Изабелла заснула, а я сидел рядом, нахохлившись как замерзшая птица, сторожил её сон и думал.
У меня с собой не было ни денег, ни документов – ничего, кроме стихов! Я был гол как сокол. Изабелла и подавно…. Тут какая-то искорка мелькнула в голове, и я понял, как нам спастись.
Алжир – французская колония. Если это, конечно, Алжир, а не Триполи или Тунис. Надо найти, хотя бы префекта или генерал губернатора. Там нас посадят на корабль и высадят где-нибудь в Европе. Италия ближе всего.
Я обрадовался и, несмотря на все свои муки, заснул с надеждой.
Утром я рассказал Изабелле о своей догадке. Она апатично согласилась. Я приласкал её. Уверив, что всё будет хорошо. Так оно и оказалось. Правда, ради своего блага, нам пришлось солгать и представиться супругами.
Прошло несколько дней, и я уже прощался с Изабеллой в Неаполе.
- Вы так и остались ко мне равнодушны? – вопрошал я. – После того, что я для вас сделал?!

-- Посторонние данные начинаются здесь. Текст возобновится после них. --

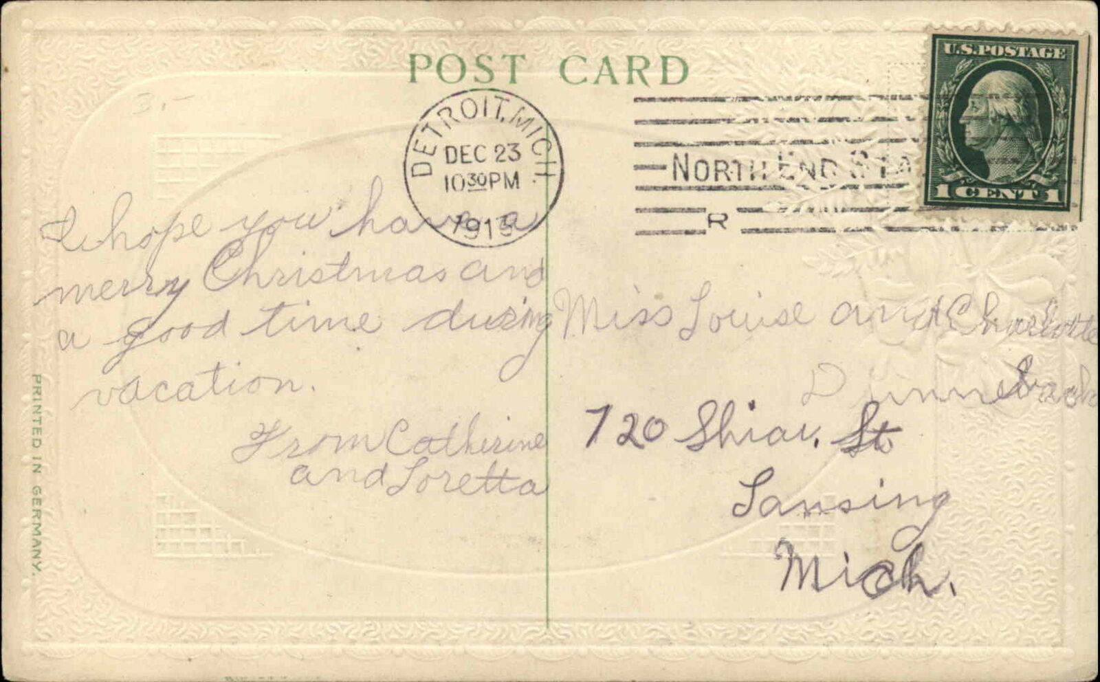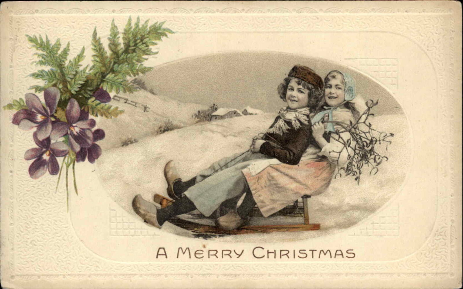 Christmas Children Sledding Flowers Embossed c1900s-10s Postcard

Она молчала и глядела куда угодно, только не на меня.
- Я вас обожаю! Люблю больше всей жизни! – продолжал я.
Она недоверчиво подняла глаза, вдруг повернулась и заспешила по
улице.
- Не уходите! – кричал я. – Скажите хоть одно слово.
Она обернулась.
- я люблю другого! И как вы смеете желать моей любви, если он, может быть, давно погиб!
- Не думайте, что я у вас одна! – сказала она и ушла.
А я стоял посреди улицы, и на меня натыкались прохожие. Все мои надежды, любовь, вдохновение –всё теперь пошло ко дну. «Изабелла», - шептал я, - ты не поняла одинокого поэта, который был не хуже твоего пианиста».
Я заложил руки в карманы и ходил по городу, бормоча несказанные в решающие минуты слова.
Эпилог
Спустя два месяца я сошёлся с одной сумасбродной русской, в которой обрёл идеальную женщину с огромным внутренним миром. Она была то жесткой и деспотичной, то романтичной и ласковой. Она тоже любила не впервые, со всей серьёзностью уверяла, что не пройдёт и года, как мы разойдёмся и забудем друг друга. Она называла меня идеальным мужчиной и восторгалась моими стихами. Мы были абсолютно одинаковы в сердце и мыслях, и и вместо поцелуев без конца спорили о высоких материях. Мы были счастливы.
А Изабелла? Она вышла замуж за того самого пианиста, который, оказывается, спасся.